The film leans into Rapp’s singular cool-girl charisma, but in doing so, it sacrifices the very callous quality that made Regina George such an appealing character in the first place. While Rachel McAdams’ Regina was “shiny, fake and hard,” as Damian and Janis describe her, Rapp’s is transparently cruel and one-dimensional.
While Rapp’s vocal prowess is certainly one of the film’s highlights, the low lighting, foreboding framing and moody mise en scène contribute to a bone-chilling version of Regina that feels more “Heathers” than “Mean Girls” or “Legally Blonde.” The problem here is that Rapp’s portrayal of Regina shatters the allure of the Queen Bee: her ability to inspire both fear and admiration from her peers.

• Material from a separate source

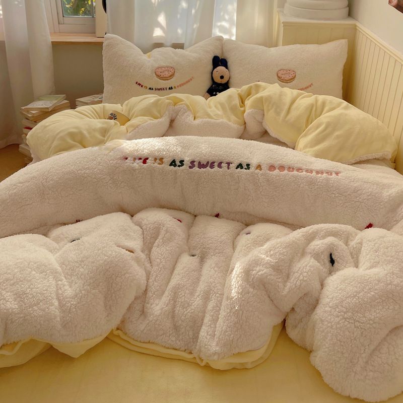 2025 Class A Thickened Warm Milk Velvet Bedding Set Four-Piece Lamb Wool Duvet Cover Double-Sided Fleece Bed Sheet Three-Piece Set

It doesn’t help that Rapp is dressed in cheap and garish costumes, which swing from dark leather sets to gaudy sheer tops that look like they were snagged off the sale section of SHEIN.
While Rapp receives some nice fodder from her plastic peers, Paramount’s mission to sell Reneé Rapp by pushing her front and center leaves an unsatiated desire for more character development from Bebe Wood’s Gretchen, who soars in a mellow rendition of “What’s Wrong With Me?” but never progresses beyond surface-level insecurity and subservience. Avantika, fortunately, embodies the airhead demeanor of Karen, confidently swerving through a performance of “Sexy” that doesn’t stray too far from the original song.
The film also misses an opportunity to bring a fresh take to a now-classic coming-of-age story. (The new adaptation promised, at the expense of insulted millennials, to be “not your mother’s ‘Mean Girls’”). TikTok montages are forced into musical numbers, but the film has nothing new to say on how social media has played into the high school social dynamics at the story’s core.
Unlike the hit 2023 film “Barbie,” which managed to take a classic but problematic piece of intellectual property and tell a heartwarming and self-aware story, the new “Mean Girls” garbles its original message amidst all the bells and whistles.
Contrary to Cady’s iconic mathematical conclusion that “the limit does not exist,” the new film suggests that, when it comes to adaptations of strong original material, the limit might be two.